▸ **What you should do**
Only the pictures are dropped; the lines of the material that follow are returned exactly.

▸ **Data**
---------------
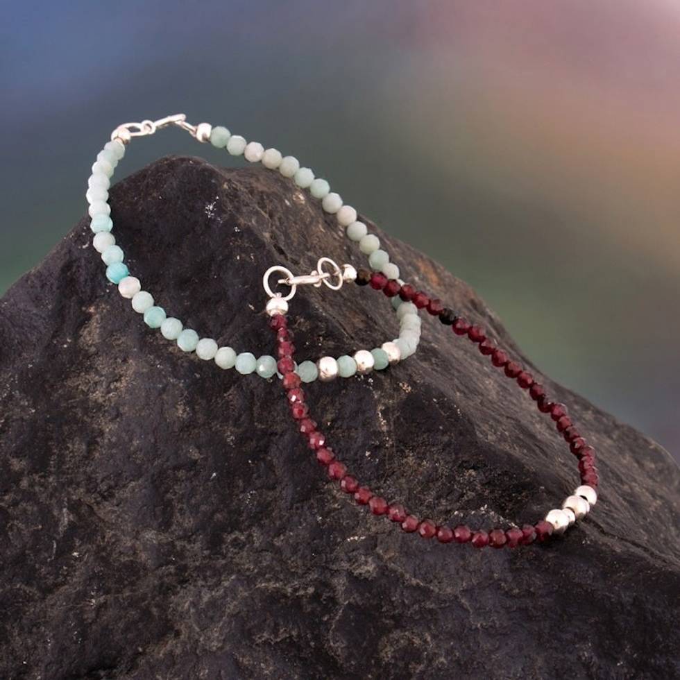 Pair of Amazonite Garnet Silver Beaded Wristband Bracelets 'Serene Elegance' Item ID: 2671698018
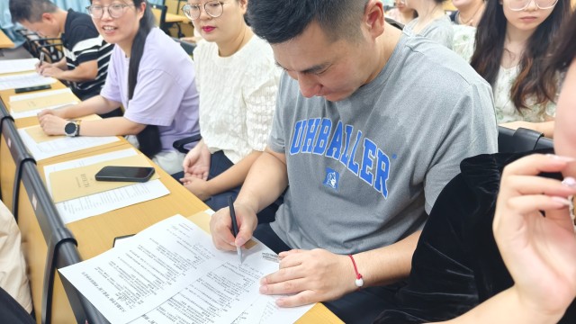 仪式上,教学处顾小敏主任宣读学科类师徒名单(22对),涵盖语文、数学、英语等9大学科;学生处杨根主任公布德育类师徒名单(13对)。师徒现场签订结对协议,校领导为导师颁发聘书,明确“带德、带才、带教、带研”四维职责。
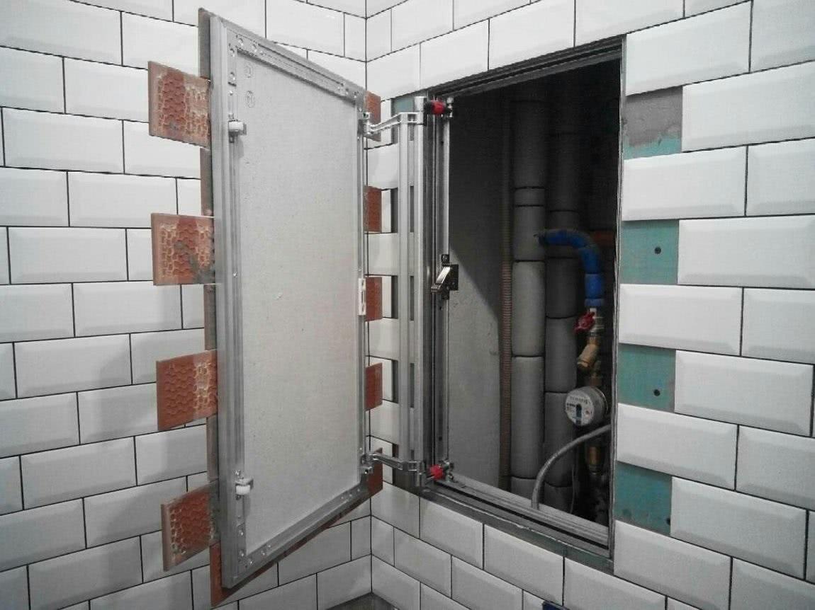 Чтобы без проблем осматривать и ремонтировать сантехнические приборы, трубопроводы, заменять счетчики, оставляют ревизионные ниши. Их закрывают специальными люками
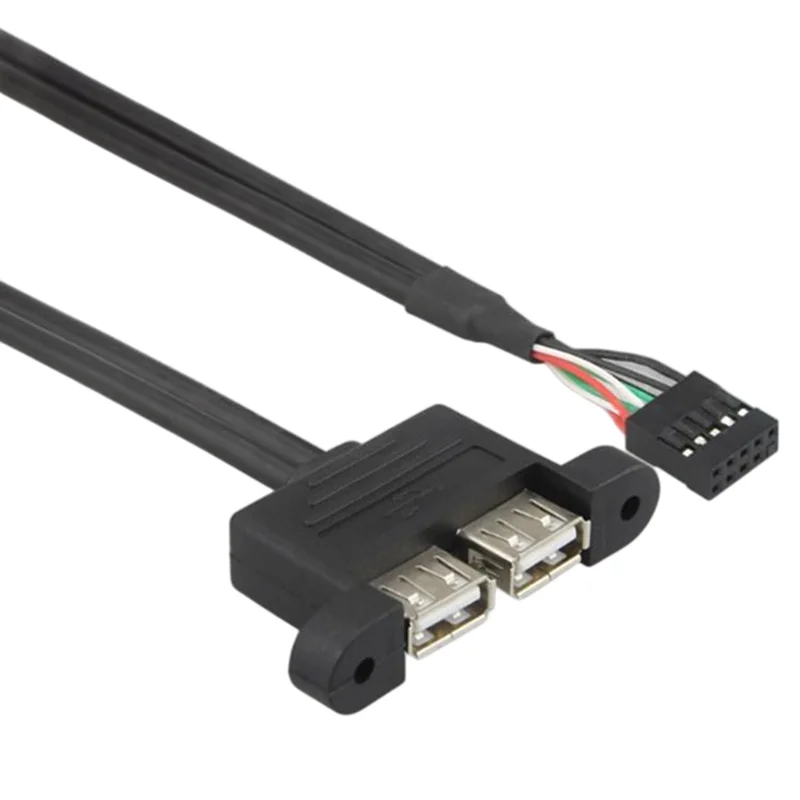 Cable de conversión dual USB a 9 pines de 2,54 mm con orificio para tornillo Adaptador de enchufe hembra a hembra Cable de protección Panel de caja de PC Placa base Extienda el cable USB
---------------
▸ **The answer**
 Pair of Amazonite Garnet Silver Beaded Wristband Bracelets 'Serene Elegance' Item ID: 2671698018
 仪式上,教学处顾小敏主任宣读学科类师徒名单(22对),涵盖语文、数学、英语等9大学科;学生处杨根主任公布德育类师徒名单(13对)。师徒现场签订结对协议,校领导为导师颁发聘书,明确“带德、带才、带教、带研”四维职责。
 Чтобы без проблем осматривать и ремонтировать сантехнические приборы, трубопроводы, заменять счетчики, оставляют ревизионные ниши. Их закрывают специальными люками
 Cable de conversión dual USB a 9 pines de 2,54 mm con orificio para tornillo Adaptador de enchufe hembra a hembra Cable de protección Panel de caja de PC Placa base Extienda el cable USB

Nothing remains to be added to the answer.